By focusing on built and natural landscapes in Isiac sanctuaries, this chapter explores the ways in which devotees used the cult for self-location: situating individuals and groups in relation to one another through geographic metaphors or thought. Using the sanctuaries of Marathon, Dion, and Gortyna as case studies, it explores the ways that devotees built references to the Nile into sanctuaries in order to create a Nilotic landscape appropriate to their conceptions of Isis, and Egypt more generally.
Focusing on Isiac hymns called aretalogies that appear across Achaia, Macedonia, the Greek islands, and Asia Minor, this chapter explores the ways in which Greek devotees conceptualized Isis. It first discusses prevailing Greek stereotypes of Egypt, which emphasize timelessness, experimentation, and wonder. Then, it explores the aretalogies themselves and how they universalize Isis and embed her and her companions in Greek myth and geography.

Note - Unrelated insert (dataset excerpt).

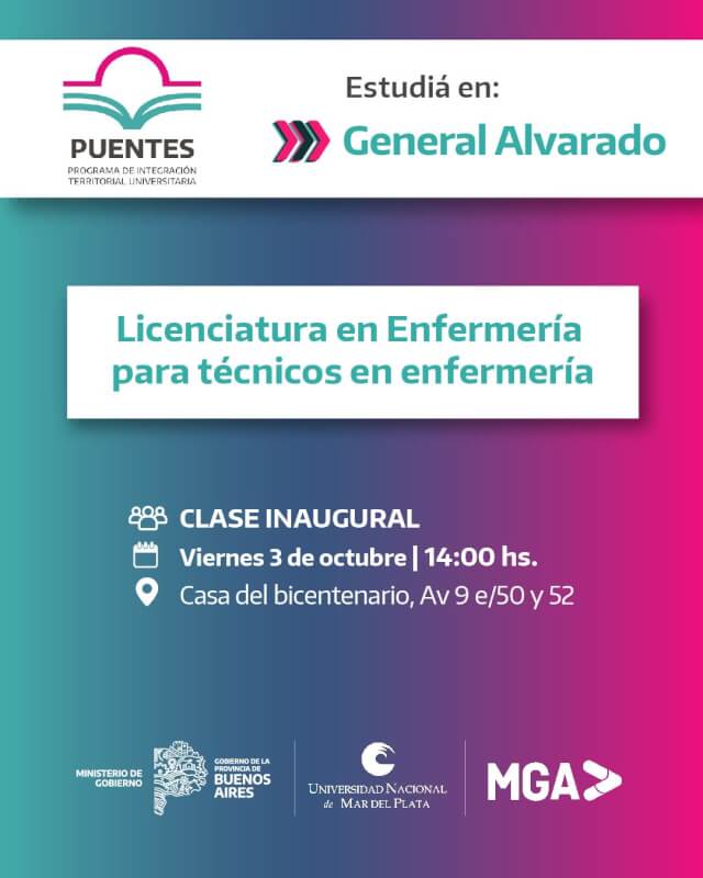 La clase inaugural se dictará en la Casa del Bicentenario (Av. 9 e/ 50 y 52, Miramar), permitiendo este nuevo trayecto formativo continuar con el desarrollo académico de los y las enfermeras técnicas, ampliando sus conocimientos y abriendo nuevas puertas en el ámbito laboral y de la salud.
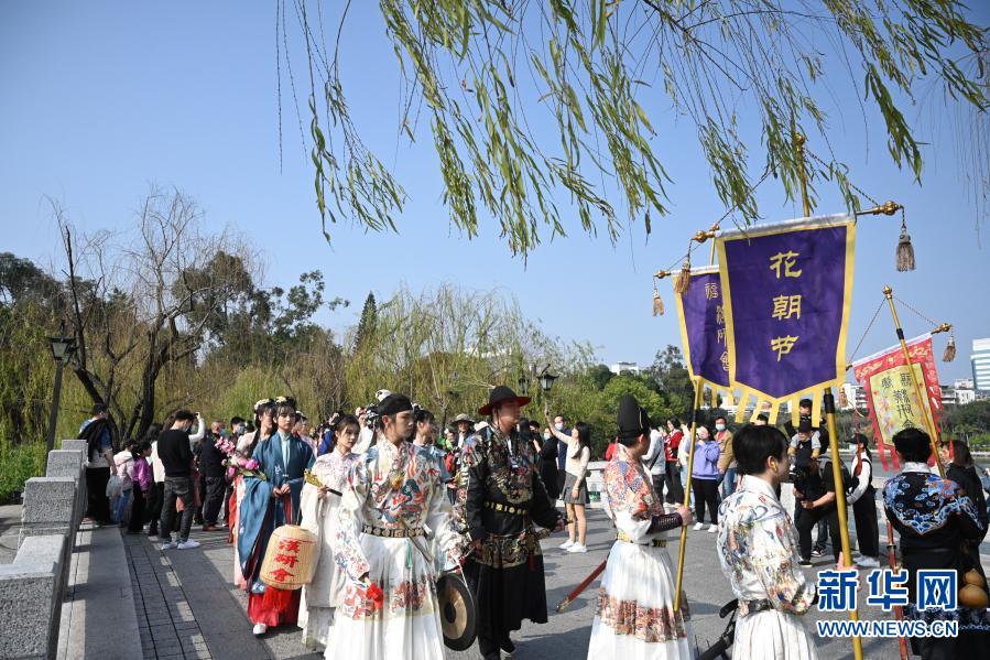 3月13日至14日,第二屆福州西湖花朝節系列活動在福州西湖公園舉行,流觴詩會、漢服雅集、百花祭典、簪花游園等10場活動再現花朝節傳統民俗文化之美。

This chapter considers the role that ideal sculptures in sanctuary settings play in the process of self-understanding: the beliefs and ideologies that give shape to a group and also inform how outsiders perceive the group. Using the Sarapeum of Thessaloniki as a case study, this chapter defines the Greek sculptural types and materials used most commonly to depict Isis and Sarapis in Greece, and explores their relationships with Greek sculptures that were often displayed alongside these images.